The trouble with both the UK and the USA is that we have hoary old ‘democratic’ systems that were developed when populations were smaller and less people had representation. There are a lot of wrinkles to be ironed out in the system, before we even bother with making it ‘easier’. One comment on the MIT article effectively states that the person concerned wouldn’t spend the price of a stamp on voting, wouldn’t go to a polling station, but might consider email – does anyone like that deserve a vote or isn’t it seen to be making enough of a difference?
October 31, 2012
In an editorial entitled “Why we can’t solve big problems” in the MIT Technology Review Jason Pontin does more than consider ‘big problems’, his piece leads to broader thinking as to what are ‘big problems’, and what problems science can actually deal with. With a background of the billions of dollars and the hundreds of thousands of people employed in the US space programme as an example of an earlier ‘big problem’, and transfers into the contrasting role of the relatively trivial developments funded by venture capitalism in today’s world. The conclusion is that there isn’t the political will, supported by the wider public,to solve these ‘big problems’ or even to attack some of the smaller ones that make them up. As Pontin accepts many of the problems are resolvable in technological terms but the harder problems are the social and political background ones that will allow us to direct resources at their solution.

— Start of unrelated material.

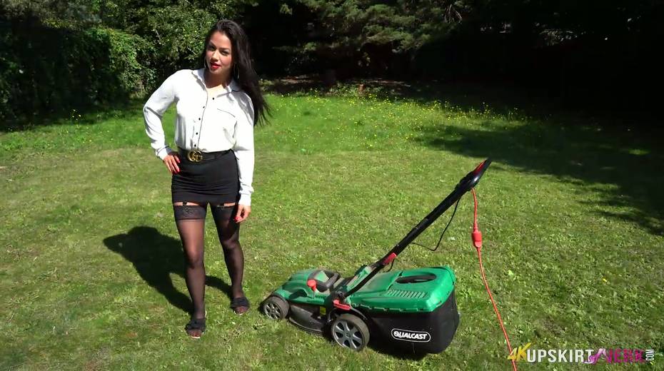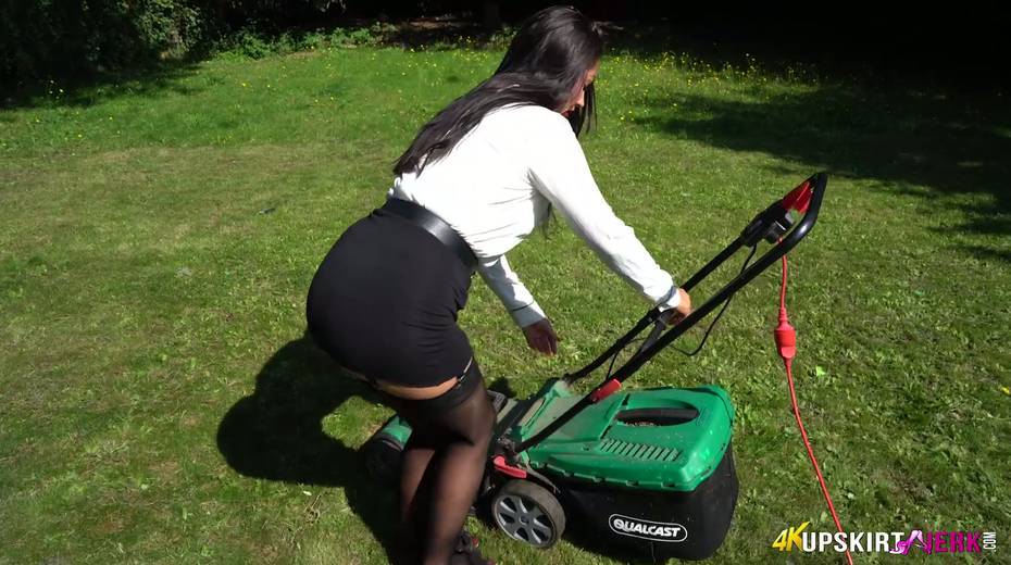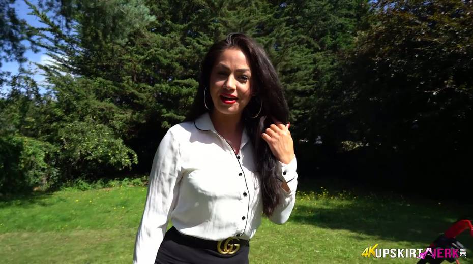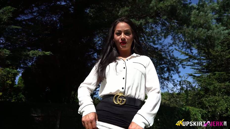 Bootyful chick shows off her wet pussy upskirt pulling panties aside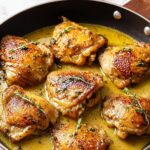 This recipe for Baked Chicken Thighs features juicy, bone-in, skin-on chicken thighs seared to golden perfection and finished in the oven with a flavorful pan sauce made from white wine, garlic, chicken broth, and fresh herbs. Optional homemade gravy can be prepared from the pan drippings for an extra touch of comfort and richness. Simple techniques combined with fresh ingredients make this a delicious and classic main course perfect for weeknight dinners or special occasions.

Whilst I accept much of what Pontin says I do not believe problem resolution is anywhere near that straightforward. Even small problems that appear resolvable through the technological lens suddenly create other issues when attacked. Curing diseases brings more mouths to feed, which brings famine, sorting out famine increases the population and land and water requirements, and no amount of technology can control the elemental forces of the weather, earthquakes and unknown disasters to come. Yes, politicians and policy are an answer to some ‘big problems’ but we cannot entirely control planetary destiny.